Every year I plant dill in my garden. It is a great plant to have around. Fresh dill adds extra flavor to so many dishes - creamy dressings, salads, sandwiches, veggie wraps, and so many others. It grows to about 2 feet tall, and it's feathery leaves make a lovely contrast to other garden plants.

Or at least that is how I always imagine it when I plant it. Some years I start from seed, others from a nursery transplant. My hope is that one year I will have a dill plant that actually survives.

Snails love dill. (Actually, the snails around here are very voracious, and will eat just about anything, especially when the plants are small.) So every year I plant some dill plants, and try various things to protect them from the snails. I start with the organic solutions, since I prefer to grow an organic garden.

1. Sprinkle a ring of crushed eggshells around the plant. The snails are not supposed to cross it, since is sharp and rough. Unfortunately, someone forgot to tell the snails where I live. I planted my dill plant, circled it with eggshells, and woke up the next morning to a decimated plant.

2. Diatomaceous earth. Supposedly works the same way as the eggshells. I guess it does, because once again I woke up to decimated dill plants.

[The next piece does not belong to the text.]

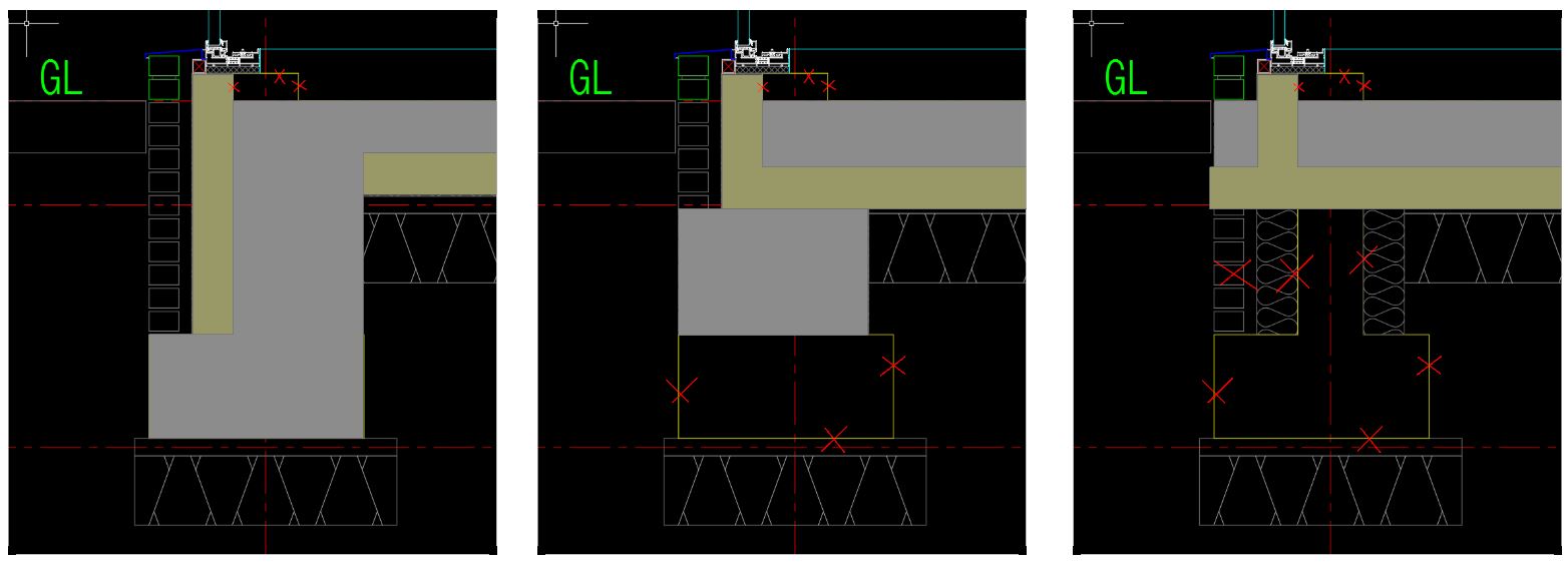 3 과 2의 다른점은 2의 턱 밑에 기초를 연결한것 밖에 없는데요.. 시공은 가능하나, 구지 이렇게 하는 이유를 모르겠네요. 공사비, 열교 모두 낭비 같습니다.
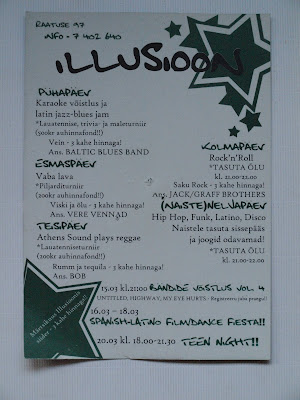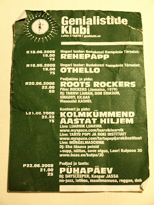 Seega, veel kord, järgnev postitus ei ole lõplik. Lisada on veel sama suur ports flaiereid, aga mis palju tähtsam, tegemata on suur osa mõttetööst. Kui lugejal-vaatajal vähegi viitsimist on, oleksin väga tänulik, kui postitaksite siia ka oma kommentaarid (olgu siis mõne üksiku flaieri kohta, mõne pidudesarja, klubi vms kohta). Kui tundsite ära mõne flaieri autori, võiksite sellestki teada anda.

3. Put a copper strip around your plant. (The copper is supposed to create a small electrical charge that the snails don't like, and they will avoid crossing the copper strip.) These snails apparently crawled down a branch of a nearby plant, and enjoyed a lovely meal of dill. Then they finished off the leaves on the nearby plant!

4. Try the copper strip again, with no nearby plants. Somehow, those snails still found their way to the dill. Maybe I have a hybridized kind of snail that has learned how to hop or fly.

5. Sink containers half full of beer all around the garden. This is supposed to attract the snails, and they will leave your plants alone. Someone forgot to tell my snails that they like beer better than dill.

6. Go to extremes, and use some kind of commercialized snail bait. This might have worked better, but I couldn't bring myself to add those chemicals directly to my garden, and I just put it on the walks, patios, and nearby flowerbeds. I think I got rid of as many snails just picking them by hand and disposing of them as the snail bait did.

7. Give up, and plant a pot of dill on my kitchen counter. Come home from work to find my crazy cat chowing down on the dill plant.

It looks like my dream of dill plants in my garden will continue to be just that, a dream.

2 comments:

Anonymous said...

Hi Jan,
It's fun reading about your garden adventures. Try using hair clippings to deter the snails -- it really works for the slugs in WA when I used it. Just visit your neighborhood barber and get a bag of it and apply a good layer of hair around the plants. Hope that helps. We have snails here in Utah too and I"m going to try to garden here this year! Wish me luck!

Sally (sundaesarah)

jan123 said...

Sally, it's great to hear from you! I will have to try the hair clippings. Let me know how your garden grows, and how everything else is going.